# EXERCISE AIM
Could you write out, exactly as they stand, only the lines in the listing below from the line with "オーガニック厚手コットンA4" to the line with "This Lesson template", both ends included, without the pictures?

# INFORMATION SHOWN
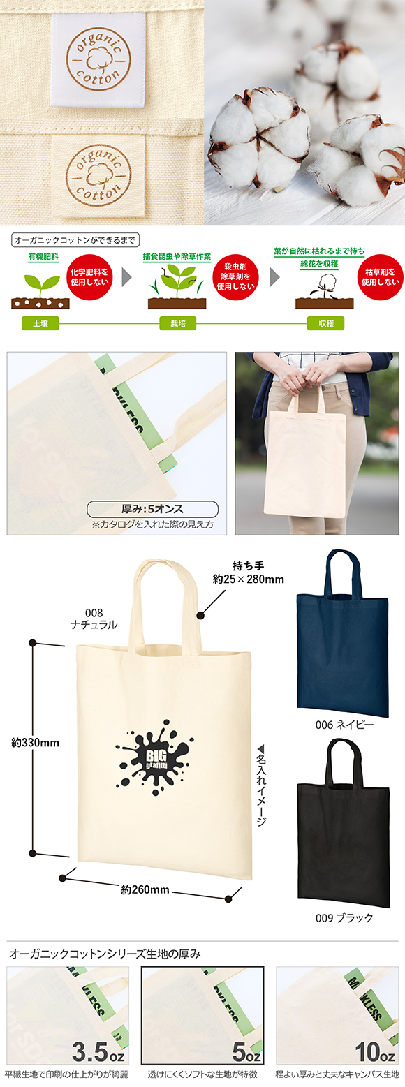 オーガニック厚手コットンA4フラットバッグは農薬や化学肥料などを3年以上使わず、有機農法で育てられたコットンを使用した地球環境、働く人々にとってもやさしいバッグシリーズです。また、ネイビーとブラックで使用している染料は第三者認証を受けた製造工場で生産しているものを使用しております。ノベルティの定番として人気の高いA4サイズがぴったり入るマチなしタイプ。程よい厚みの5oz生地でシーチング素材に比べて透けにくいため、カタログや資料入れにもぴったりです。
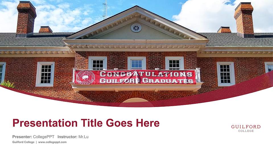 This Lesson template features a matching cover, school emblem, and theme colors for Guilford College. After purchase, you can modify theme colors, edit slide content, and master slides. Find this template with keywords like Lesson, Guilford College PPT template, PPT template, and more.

--

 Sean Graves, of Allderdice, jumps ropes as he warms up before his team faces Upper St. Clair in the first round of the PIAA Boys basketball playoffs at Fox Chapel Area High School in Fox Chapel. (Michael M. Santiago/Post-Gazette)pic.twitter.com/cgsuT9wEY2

# EXERCISE ANSWER
 オーガニック厚手コットンA4フラットバッグは農薬や化学肥料などを3年以上使わず、有機農法で育てられたコットンを使用した地球環境、働く人々にとってもやさしいバッグシリーズです。また、ネイビーとブラックで使用している染料は第三者認証を受けた製造工場で生産しているものを使用しております。ノベルティの定番として人気の高いA4サイズがぴったり入るマチなしタイプ。程よい厚みの5oz生地でシーチング素材に比べて透けにくいため、カタログや資料入れにもぴったりです。
 This Lesson template features a matching cover, school emblem, and theme colors for Guilford College. After purchase, you can modify theme colors, edit slide content, and master slides. Find this template with keywords like Lesson, Guilford College PPT template, PPT template, and more.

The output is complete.